Data section →
◇ ◇ ◇ ◇ ◇ ◇ ◇

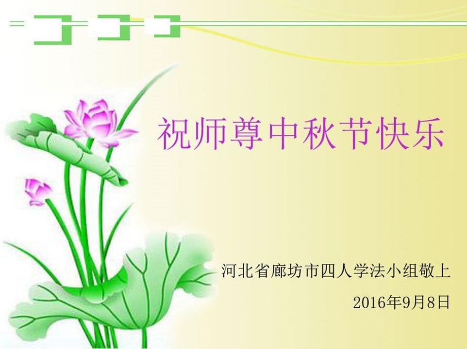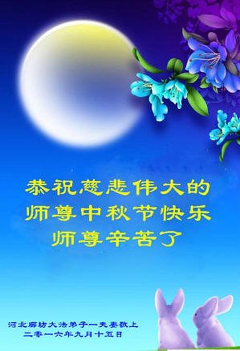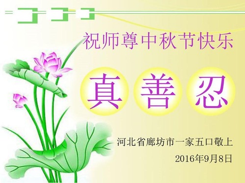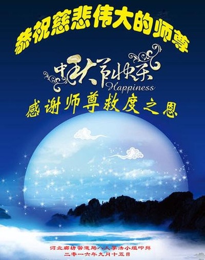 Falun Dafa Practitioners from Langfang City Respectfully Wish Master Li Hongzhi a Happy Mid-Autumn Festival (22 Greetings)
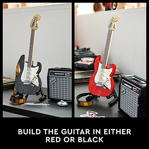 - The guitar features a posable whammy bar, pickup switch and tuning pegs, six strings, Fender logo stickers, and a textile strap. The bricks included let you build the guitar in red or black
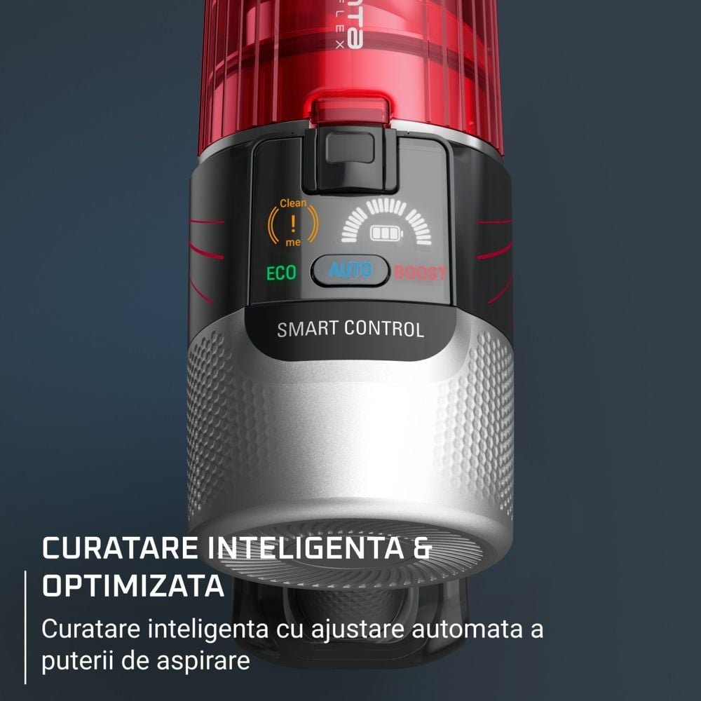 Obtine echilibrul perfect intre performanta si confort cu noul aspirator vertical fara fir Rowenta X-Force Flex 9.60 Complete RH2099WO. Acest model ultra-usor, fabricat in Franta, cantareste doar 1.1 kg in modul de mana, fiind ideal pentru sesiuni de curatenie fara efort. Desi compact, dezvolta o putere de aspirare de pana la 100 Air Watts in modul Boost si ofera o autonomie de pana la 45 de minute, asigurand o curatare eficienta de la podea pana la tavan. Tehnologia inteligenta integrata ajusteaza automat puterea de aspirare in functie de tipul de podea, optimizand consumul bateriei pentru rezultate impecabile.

◇ ◇ ◇ ◇ ◇ ◇ ◇

What this task involves → Please write out the lines from the one that holds "- The guitar" through the end of the material, both ends included, exactly and with no pictures.

Completed exercise →
 - The guitar features a posable whammy bar, pickup switch and tuning pegs, six strings, Fender logo stickers, and a textile strap. The bricks included let you build the guitar in red or black
 Obtine echilibrul perfect intre performanta si confort cu noul aspirator vertical fara fir Rowenta X-Force Flex 9.60 Complete RH2099WO. Acest model ultra-usor, fabricat in Franta, cantareste doar 1.1 kg in modul de mana, fiind ideal pentru sesiuni de curatenie fara efort. Desi compact, dezvolta o putere de aspirare de pana la 100 Air Watts in modul Boost si ofera o autonomie de pana la 45 de minute, asigurand o curatare eficienta de la podea pana la tavan. Tehnologia inteligenta integrata ajusteaza automat puterea de aspirare in functie de tipul de podea, optimizand consumul bateriei pentru rezultate impecabile.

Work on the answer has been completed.